→ WHAT TO DO: Everything in the listing should be copied exactly, save for the pictures.

→ AVAILABLE RECORDS:

☆ ☆ ☆ ☆

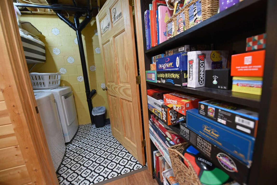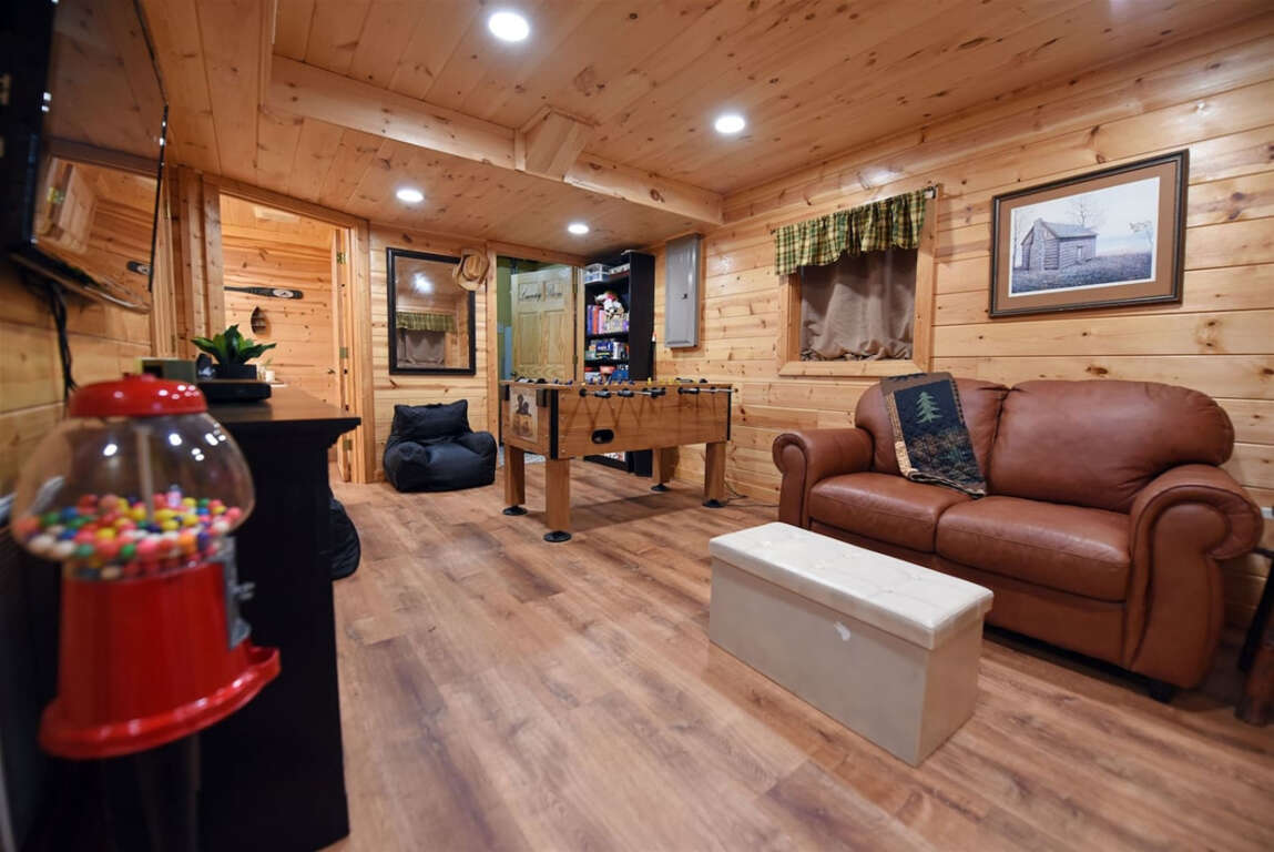 Head to the lower-level game room for fun and entertainment, featuring a foosball table and a variety of games to keep everyone engaged.
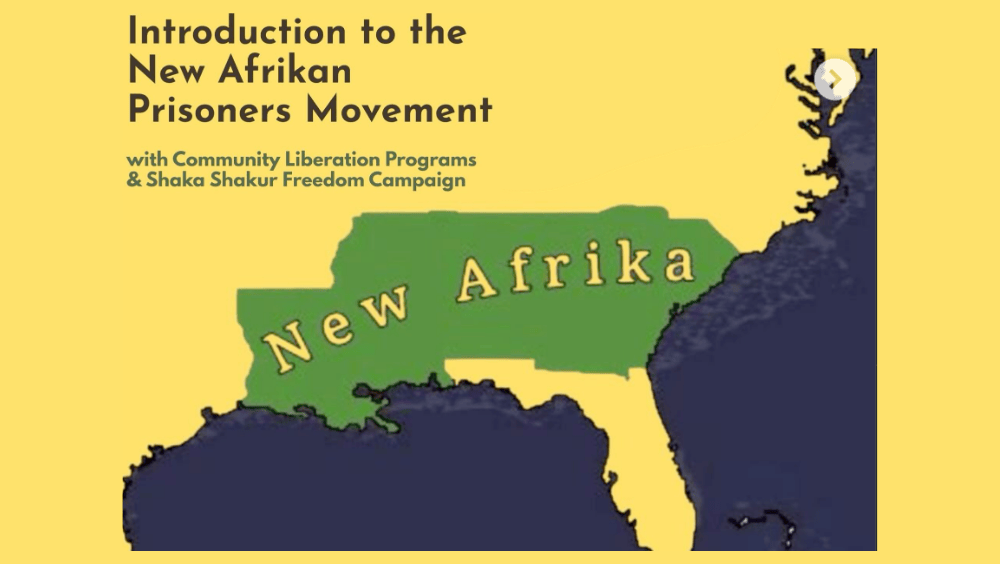 We will cover the ways that New Afrikan political prisoners in particular became the theoretical architects and visionaries of The New Afrikan Independence Movement (NAIM), a national liberation struggle that had experienced severe repression by the end of the 1970’s. Officially established in 1968, NAIM developed a Black nationalist political framework and praxis rooted in the establishment of The Republic of New Afrika (RNA), a Black nation-state in the U.S. South in the lands of Louisiana, Mississippi, Alabama, Georgia, and South Carolina.
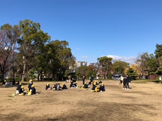 お昼ご飯は、天気に恵まれ、ポカポカ陽気のもと広場でお弁当を食べました。
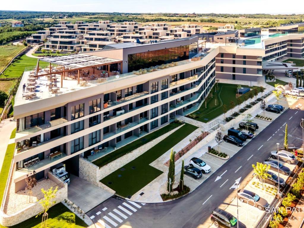 Life at Petram Resort delivers a world-class experience. The largest rooftop infinity pool in Europe, stretching 105 meters, offers breathtaking views of the Piran Bay and unforgettable sunsets. A fine dining rooftop restaurant combines international and Istrian cuisine, while the summer trattoria brings relaxed Italian charm. The spa and wellness center spans several levels and includes an indoor heated pool, five saunas with panoramic sea views, luxury massage treatments, and private spa suites for couples. The resort also offers a private beach, fitness center, children’s pools and playgrounds, and is only five minutes away from Croatia’s largest 18-hole golf course. Owners and guests benefit from 24-hour reception, concierge services, electric buggy transportation within the resort, valet parking, and top-level security.
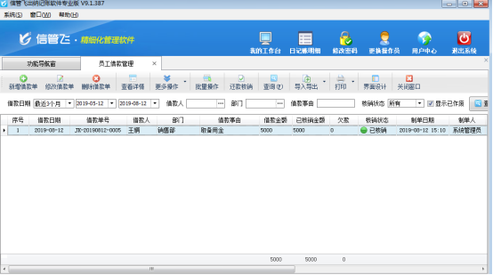 ????歡迎下載試用這款支持員工借款及還款管理的出納記賬軟件:信管飛出納記賬軟件。
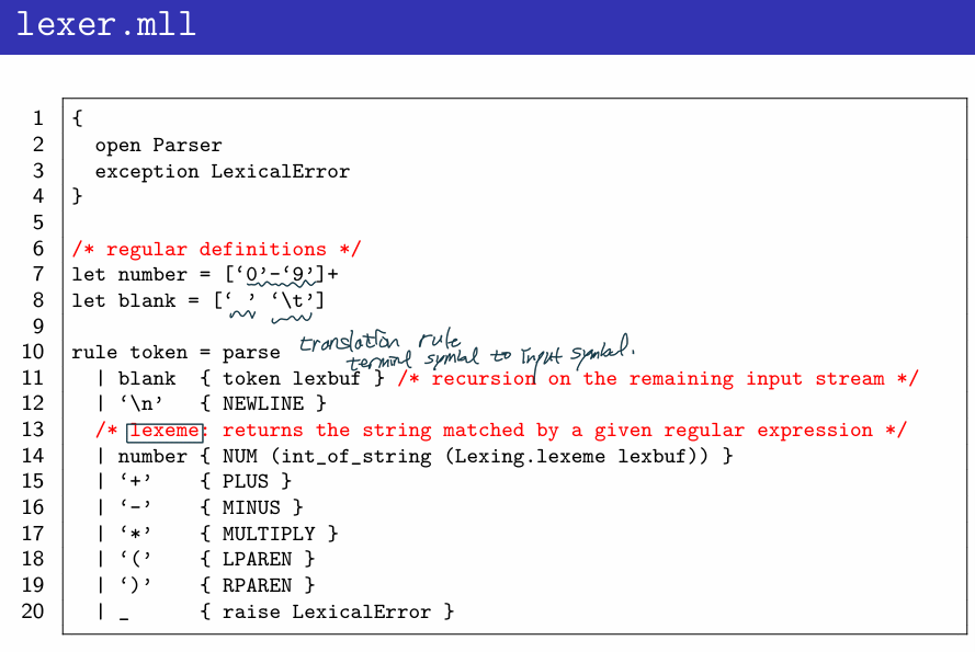 - lexer generator: 어휘 분석기 생성기, ocamllex 사용

☆ ☆ ☆ ☆

→ SOLUTION TO THE EXERCISE:
 Head to the lower-level game room for fun and entertainment, featuring a foosball table and a variety of games to keep everyone engaged.
 We will cover the ways that New Afrikan political prisoners in particular became the theoretical architects and visionaries of The New Afrikan Independence Movement (NAIM), a national liberation struggle that had experienced severe repression by the end of the 1970’s. Officially established in 1968, NAIM developed a Black nationalist political framework and praxis rooted in the establishment of The Republic of New Afrika (RNA), a Black nation-state in the U.S. South in the lands of Louisiana, Mississippi, Alabama, Georgia, and South Carolina.
 お昼ご飯は、天気に恵まれ、ポカポカ陽気のもと広場でお弁当を食べました。
 Life at Petram Resort delivers a world-class experience. The largest rooftop infinity pool in Europe, stretching 105 meters, offers breathtaking views of the Piran Bay and unforgettable sunsets. A fine dining rooftop restaurant combines international and Istrian cuisine, while the summer trattoria brings relaxed Italian charm. The spa and wellness center spans several levels and includes an indoor heated pool, five saunas with panoramic sea views, luxury massage treatments, and private spa suites for couples. The resort also offers a private beach, fitness center, children’s pools and playgrounds, and is only five minutes away from Croatia’s largest 18-hole golf course. Owners and guests benefit from 24-hour reception, concierge services, electric buggy transportation within the resort, valet parking, and top-level security.
 ????歡迎下載試用這款支持員工借款及還款管理的出納記賬軟件:信管飛出納記賬軟件。
 - lexer generator: 어휘 분석기 생성기, ocamllex 사용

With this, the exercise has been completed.